Keir Starmer I really do not like the Secretary of State saying, “if he cared about it that much”. The suggestion that we are not both engaging in a difficult analysis of the White Paper with the interests of our country at heart is not fair. I care about this greatly, because without the right arrangement, I genuinely believe that manufacturing in this country will be at risk. Having worked in Northern Ireland for five years, I genuinely believe that, without a working arrangement, the solemn commitment to no hard border in Northern Ireland may not be kept. It is really serious, and point scoring about whether one is serious about it or not does not help; doing so demeans the Secretary of State in his role. It is not the way to conduct such debates.

It is not just the manufacturing sector; the White Paper’s proposals on services reveal a huge black hole. Likewise, the proposals on rights and protections are simply inadequate. On social rights, employment rights and environmental rights, there is a non-regression approach: we will not necessarily keep up and we will not necessarily improve, but things will not necessarily get worse.

There is no clarity on the role of the European Court of Justice. [Interruption.] The Secretary of State says, “It ends”, but it clearly does not end. The European Court has two different primary jurisdictions: first, dispute settlement; and secondly, reference. That is the jurisdiction that it has had, as he very well knows, with his experience. The second of those is being preserved for everything in the common rulebook. That is why it has caused such difficulty within his own party. The jurisdiction of the Court would exist on reference procedure for that wide range of issues, and he well knows it. It will operate, I should imagine, in precisely the same way that it operates now. That is, there will be a reference to the Court, the Court will decide the question before it, it will give a ruling and an interpretation, and that interpretation will be binding, because if it is not, there is no point in that reference procedure, as he knows.

Dominic Raab indicated dissent.

Keir Starmer Well, if the Secretary of State is going to suggest that the reference to the Court is for a ruling that is not binding, I will be very interested to hear about it, because there is not much point in referring something to a court for a ruling and then saying, “Well, it’s very nice but we’re not going to apply it.” The whole thing only works if the ruling of the European Court can be binding.

The proposal for the labour mobility framework says things about business trips and tourism, but is completely silent on the terms under which EU citizens will be able to live and work in the UK and UK citizens in the EU.

The grim reality is this: it has taken two years to get to this point, yet, on analysis, there is nothing there—or, more accurately, there is nothing that the warring Conservative party can agree on.

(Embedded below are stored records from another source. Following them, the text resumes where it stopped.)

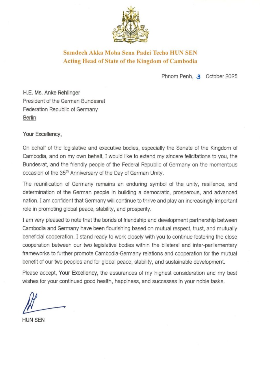 (ភ្នំពេញ)៖ សម្តេចតេជោ ហ៊ុន សែន ប្រមុខរដ្ឋស្តីទីនៃព្រះរាជាណាចក្រកម្ពុជា នៅថ្ងៃទី៣ ខែតុលា ឆ្នាំ២០២៥នេះ ផ្ញើសារលិខិតអបអរសាទរជូន លោកស្រី អេនគេ រ៉េលីងហ្គឺ ប្រធានក្រុមប្រឹក្សាសហព័ន្ធសាធារណរដ្ឋសហព័ន្ធអាល្លឺម៉ង់ ក្នុងឱកាសខួបអនុស្សាវរីយ៍លើកទី៣៥ នៃទិវាឯកភាពជាតិអាល្លឺម៉ង់។
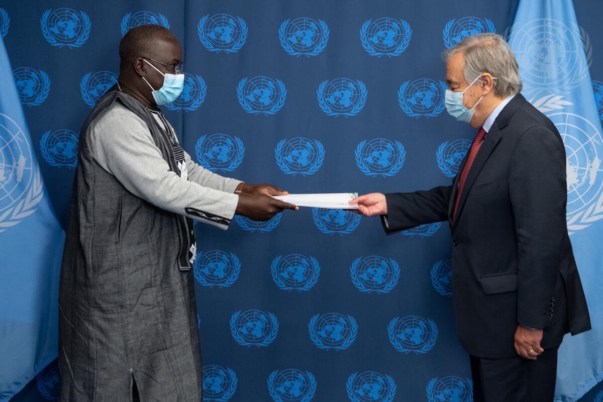 Seydou Sinka (left), Permanent Representative of Burkina Faso to the United Nations, presents his credentials to Secretary-General António Guterres.
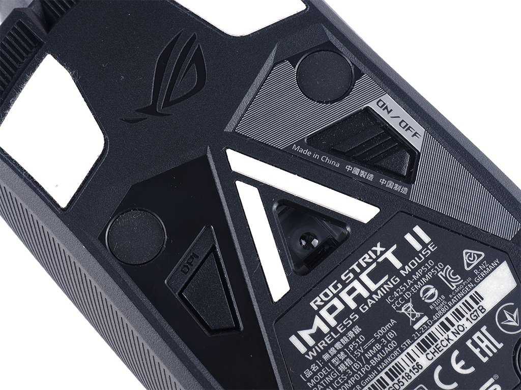 Хотя модель ROG Strix Impact II Wireless является симметричной, боковые кнопки расположены с левой стороны, что четко ориентирует эту модель для тех игроков, которые играют в основном правой рукой. Трапециевидные кнопки немного выступают из корпуса и легко находятся большим пальцем правой руки. Клик заметный, но приглушенный.
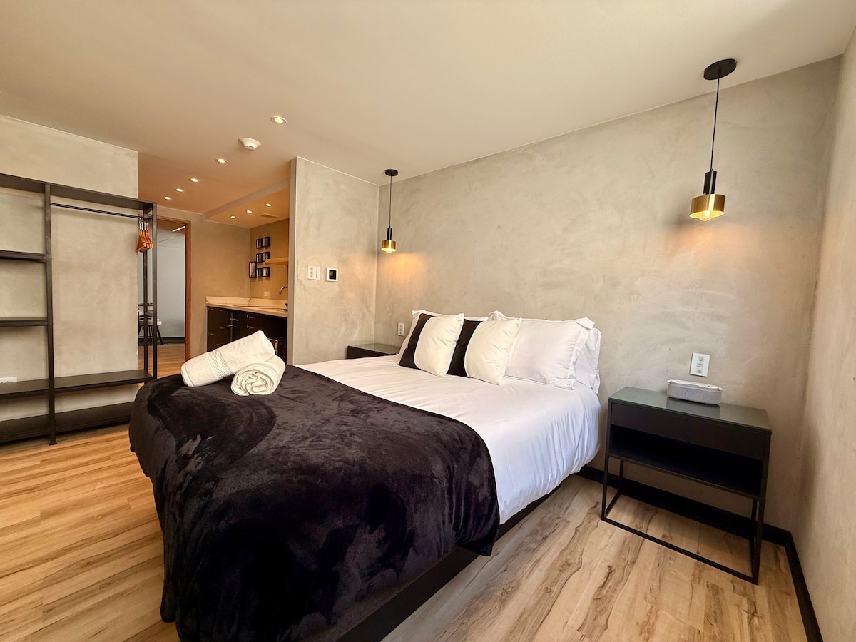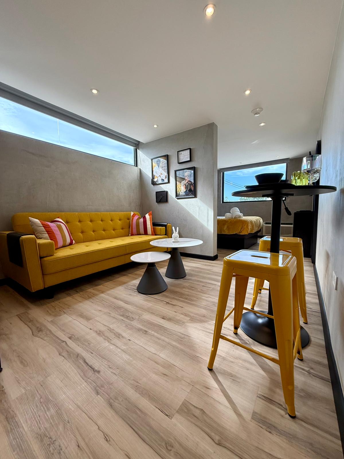 Casa Musa Suite 9 - Rap Music This stylish suite is centrally located in La Placita-where everyone wants to be. Casa Musa is a theme Boutique Hotel honoring our diverse musical culture. This suite's theme is inspired by the bold flow and streetwise energy of Puerto Rican rap, this master deluxe suite offers a queen bed, full kitchen, living room, and private bathroom. Elegant details and warm lighting, create a chic space to relax and feel uplifted.
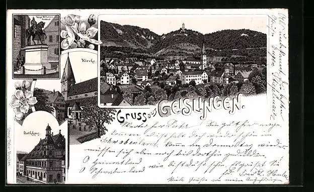 Lithographie Geislingen, Rathaus, Kirche, Kaiser Wilhelm I. Denkmal
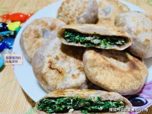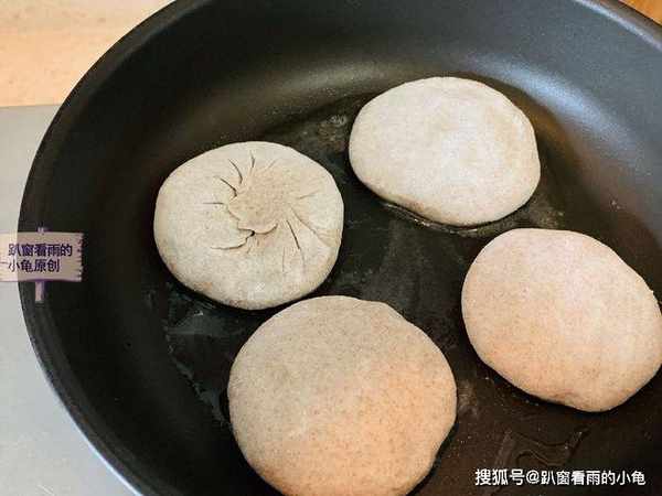 5:火上坐煎锅,锅热后倒入少许油,转小火,再将馅饼码入煎锅,盖好盖子,小火慢烙,过三分钟等底面煎至金黄后翻面,再烙三分钟后,等馅饼微微鼓起并且二面金黄,就可以出锅装盘了。
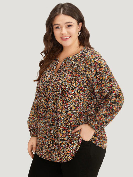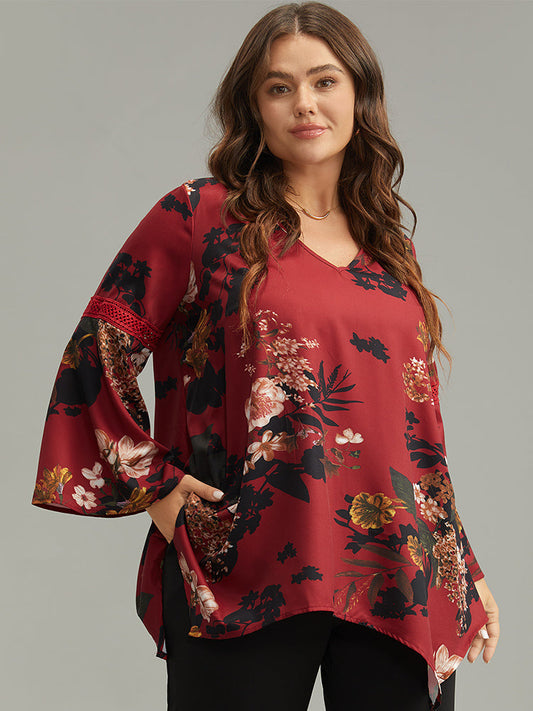 Floral Lace Panel V Neck Hanky Hem Blouse
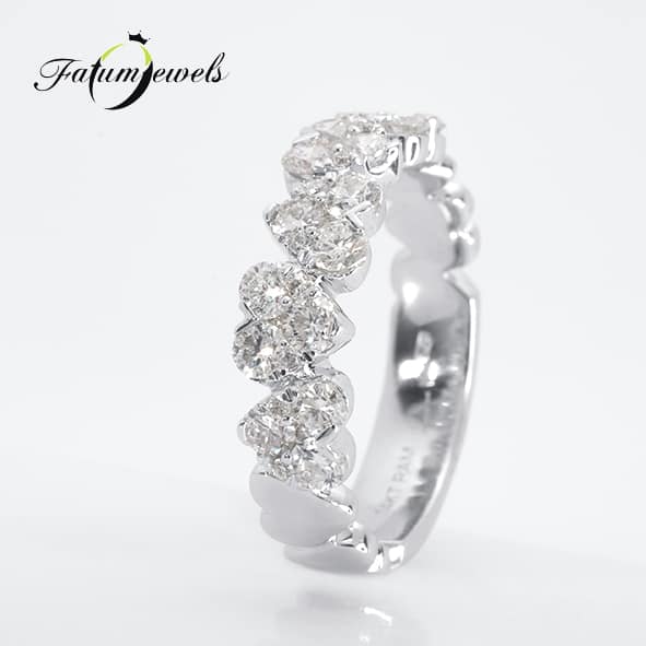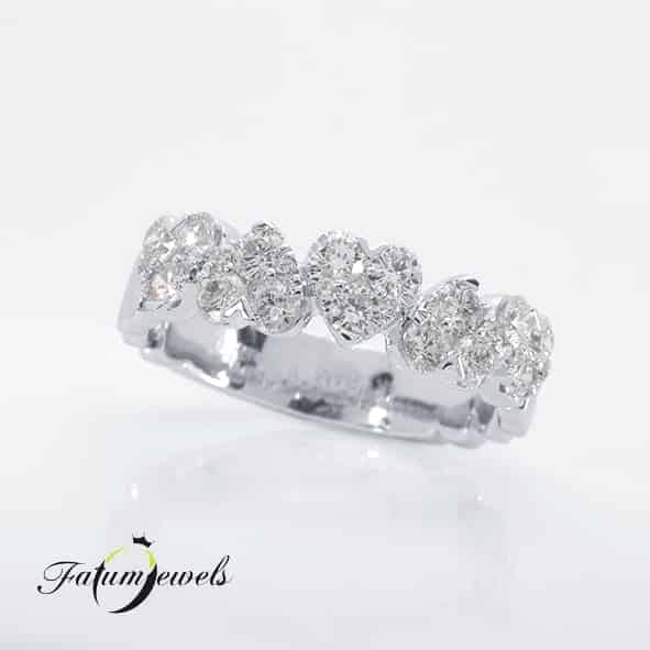 Gyémántszív kavalkád eljegyzési gyűrű a Fatumjewels Galériában. Fehérarany eljegyzési gyűrű öt gyémántszívvel, melyek briliáns gyémántokból állnak, valamint két oldalon két-két fehérarany szívvel. Mivel is fejezhetnéd ki jobban kedvesed iránt érzett szerelmedet, mint egy gyémántszív kavalkáddal? Ez az eljegyzési gyűrű megtalálható a Fatumjewels Galéria kínálatában.
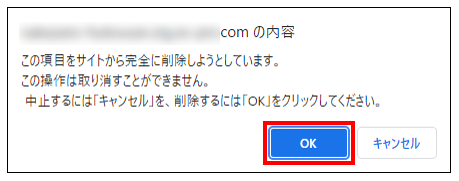確認画面が表示されるので「OK」をクリックすると、ファイルが削除されます。
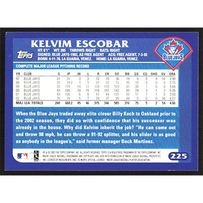 This is a 2003 Topps Kelvim Escobar baseball card. The card is #225 and pictures show condition.

The Prime Minister’s plan is exposed as unworkable and unacceptable to her own party, but she cannot move forward, as Monday night showed, and she cannot move backwards, as last ​night showed. That is not taking back control; it is no control—stalemate. But the country cannot keep paying the price for these divisions in the Conservative party. We need a Brexit plan that can unite the country and protect jobs and the economy, and I am sorry to say that this White Paper is not it.